Your team uses a monorepo in Azure Repos. Developers frequently commit directly to the main branch, causing build failures. You need to enforce a policy that requires all changes to go through pull requests with at least one reviewer. What should you configure?
Branch policies on main can enforce pull request requirements and reviewer count.
Why this answer
Option C is correct because Azure Repos allows you to configure branch policies on specific branches (like main) to enforce that all changes must come through pull requests and require a minimum number of reviewers. This directly addresses the need to prevent direct commits to main and ensure code review before merging.
Exam trap
The trap here is that candidates often confuse project-level settings with branch-level policies, or mistakenly think service hooks can enforce commit restrictions, when in fact Azure Repos requires explicit branch policy configuration on the target branch to enforce pull request requirements and reviewer counts.

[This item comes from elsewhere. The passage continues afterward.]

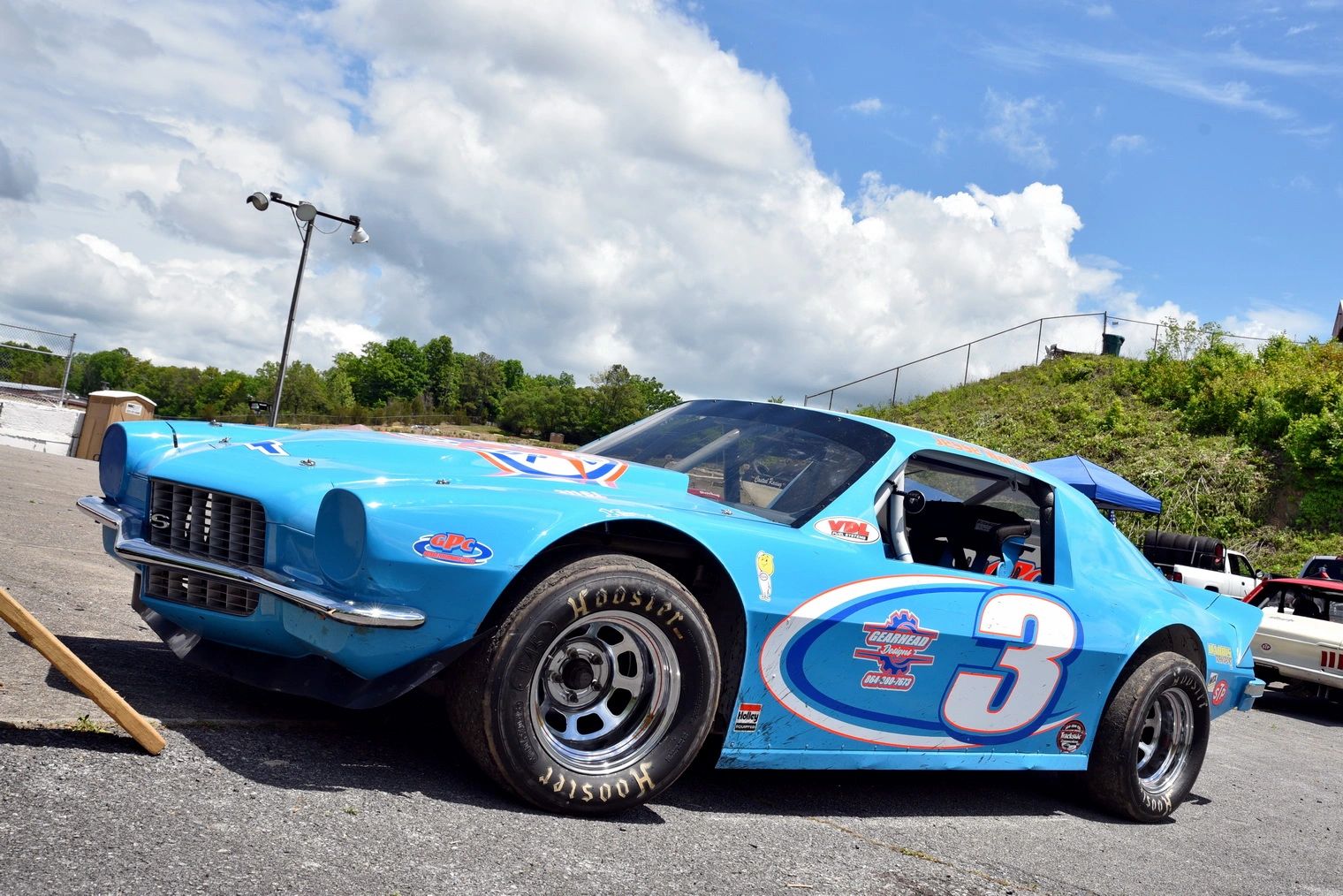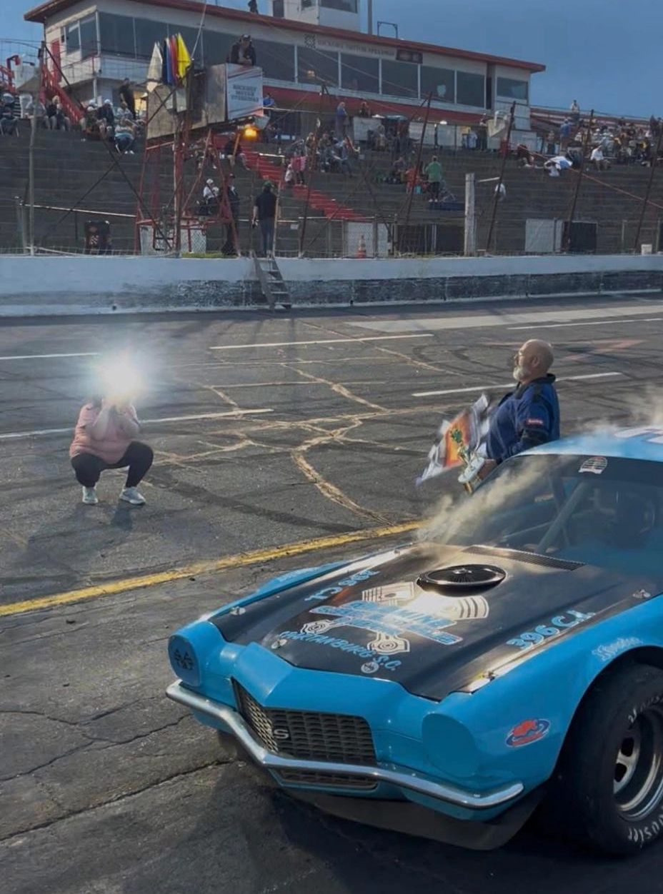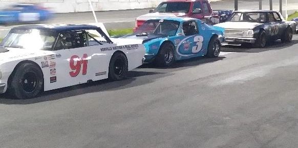 Our vintage cars moved in to Hickory Motor Speedway on May 10th after rain got the May 3rd event. The "Spartanburg Goldminer"Jesse Martin took the #3 Camaro back to victory lane with his new son Elvis at his first race. Midway, Jesse fell back from the lead with a hot motor, but laps later it cooled, and he went back.

How to eliminate wrong answers
Option A is wrong because configuring a repository policy to require a pull request for all branches would apply the restriction to every branch, including feature branches, which is overly broad and not the specific requirement to protect only the main branch. Option B is wrong because service hooks are used to trigger external events (e.g., webhooks) based on repository actions, not to reject commits; they cannot enforce branch policies or block direct commits. Option D is wrong because the 'Require a minimum number of reviewers' setting is not available in project settings; it is a branch policy configuration that must be applied at the branch level within the repository settings.